• Exercise input

********************

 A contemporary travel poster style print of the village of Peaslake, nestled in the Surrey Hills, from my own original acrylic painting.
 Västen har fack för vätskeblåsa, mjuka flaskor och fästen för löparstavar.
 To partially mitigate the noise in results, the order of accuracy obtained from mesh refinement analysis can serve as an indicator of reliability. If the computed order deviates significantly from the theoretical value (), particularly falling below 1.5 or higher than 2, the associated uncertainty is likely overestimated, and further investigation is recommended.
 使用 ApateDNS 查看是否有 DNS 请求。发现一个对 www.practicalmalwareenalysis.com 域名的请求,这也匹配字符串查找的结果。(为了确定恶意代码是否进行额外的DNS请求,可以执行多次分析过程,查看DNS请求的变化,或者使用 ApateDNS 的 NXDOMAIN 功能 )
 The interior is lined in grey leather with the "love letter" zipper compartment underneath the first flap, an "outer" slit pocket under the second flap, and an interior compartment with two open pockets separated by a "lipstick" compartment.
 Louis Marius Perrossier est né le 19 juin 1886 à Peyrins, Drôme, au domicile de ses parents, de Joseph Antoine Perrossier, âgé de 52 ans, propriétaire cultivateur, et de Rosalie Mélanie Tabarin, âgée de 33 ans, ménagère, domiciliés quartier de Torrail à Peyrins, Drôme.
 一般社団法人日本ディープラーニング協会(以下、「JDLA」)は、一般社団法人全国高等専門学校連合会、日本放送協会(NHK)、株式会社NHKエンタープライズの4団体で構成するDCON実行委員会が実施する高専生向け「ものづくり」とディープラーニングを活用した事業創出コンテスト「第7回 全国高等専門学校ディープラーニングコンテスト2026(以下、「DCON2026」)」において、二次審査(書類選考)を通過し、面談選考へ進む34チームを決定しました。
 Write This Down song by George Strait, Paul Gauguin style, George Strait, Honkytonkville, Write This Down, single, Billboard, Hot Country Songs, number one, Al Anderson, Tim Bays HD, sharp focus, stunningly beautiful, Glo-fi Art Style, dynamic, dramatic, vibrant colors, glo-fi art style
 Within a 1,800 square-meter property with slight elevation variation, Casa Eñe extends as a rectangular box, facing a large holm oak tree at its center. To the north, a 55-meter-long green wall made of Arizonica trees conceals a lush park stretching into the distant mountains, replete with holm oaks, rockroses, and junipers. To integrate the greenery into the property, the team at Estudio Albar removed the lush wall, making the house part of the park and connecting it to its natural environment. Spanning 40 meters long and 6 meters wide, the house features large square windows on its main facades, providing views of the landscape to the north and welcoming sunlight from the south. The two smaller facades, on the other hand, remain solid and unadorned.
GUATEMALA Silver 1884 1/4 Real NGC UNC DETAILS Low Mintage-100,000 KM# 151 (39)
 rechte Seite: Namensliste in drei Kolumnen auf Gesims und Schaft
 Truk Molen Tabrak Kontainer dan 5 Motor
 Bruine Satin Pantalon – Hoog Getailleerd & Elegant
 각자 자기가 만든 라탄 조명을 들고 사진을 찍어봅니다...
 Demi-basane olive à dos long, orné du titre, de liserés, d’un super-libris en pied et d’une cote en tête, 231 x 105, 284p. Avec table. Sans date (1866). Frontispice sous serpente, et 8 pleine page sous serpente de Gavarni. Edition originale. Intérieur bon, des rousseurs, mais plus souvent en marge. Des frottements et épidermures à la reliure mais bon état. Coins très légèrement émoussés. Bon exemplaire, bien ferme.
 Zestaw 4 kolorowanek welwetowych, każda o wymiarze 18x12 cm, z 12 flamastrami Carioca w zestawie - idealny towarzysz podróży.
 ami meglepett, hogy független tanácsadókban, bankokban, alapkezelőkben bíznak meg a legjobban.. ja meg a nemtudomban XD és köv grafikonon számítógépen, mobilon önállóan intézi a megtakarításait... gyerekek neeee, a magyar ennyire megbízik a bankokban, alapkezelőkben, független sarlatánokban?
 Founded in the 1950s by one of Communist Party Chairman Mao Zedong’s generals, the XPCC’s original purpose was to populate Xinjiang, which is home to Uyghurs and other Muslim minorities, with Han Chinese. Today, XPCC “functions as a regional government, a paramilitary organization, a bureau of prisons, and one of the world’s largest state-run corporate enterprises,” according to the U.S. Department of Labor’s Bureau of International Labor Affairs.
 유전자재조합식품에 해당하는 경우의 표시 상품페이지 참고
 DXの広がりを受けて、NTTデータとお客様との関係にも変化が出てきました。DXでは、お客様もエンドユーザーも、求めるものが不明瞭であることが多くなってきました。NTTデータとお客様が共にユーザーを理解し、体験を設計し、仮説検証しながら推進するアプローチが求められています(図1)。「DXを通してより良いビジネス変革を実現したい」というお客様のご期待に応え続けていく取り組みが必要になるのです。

********************

• Activity
Reproduce, word for word and in full, only the lines above that start at the line with "Louis Marius Perrossier" and run through the line with "一般社団法人日本ディープラー", both ends included.

• Reply to the task
 Louis Marius Perrossier est né le 19 juin 1886 à Peyrins, Drôme, au domicile de ses parents, de Joseph Antoine Perrossier, âgé de 52 ans, propriétaire cultivateur, et de Rosalie Mélanie Tabarin, âgée de 33 ans, ménagère, domiciliés quartier de Torrail à Peyrins, Drôme.
 一般社団法人日本ディープラーニング協会(以下、「JDLA」)は、一般社団法人全国高等専門学校連合会、日本放送協会(NHK)、株式会社NHKエンタープライズの4団体で構成するDCON実行委員会が実施する高専生向け「ものづくり」とディープラーニングを活用した事業創出コンテスト「第7回 全国高等専門学校ディープラーニングコンテスト2026(以下、「DCON2026」)」において、二次審査(書類選考)を通過し、面談選考へ進む34チームを決定しました。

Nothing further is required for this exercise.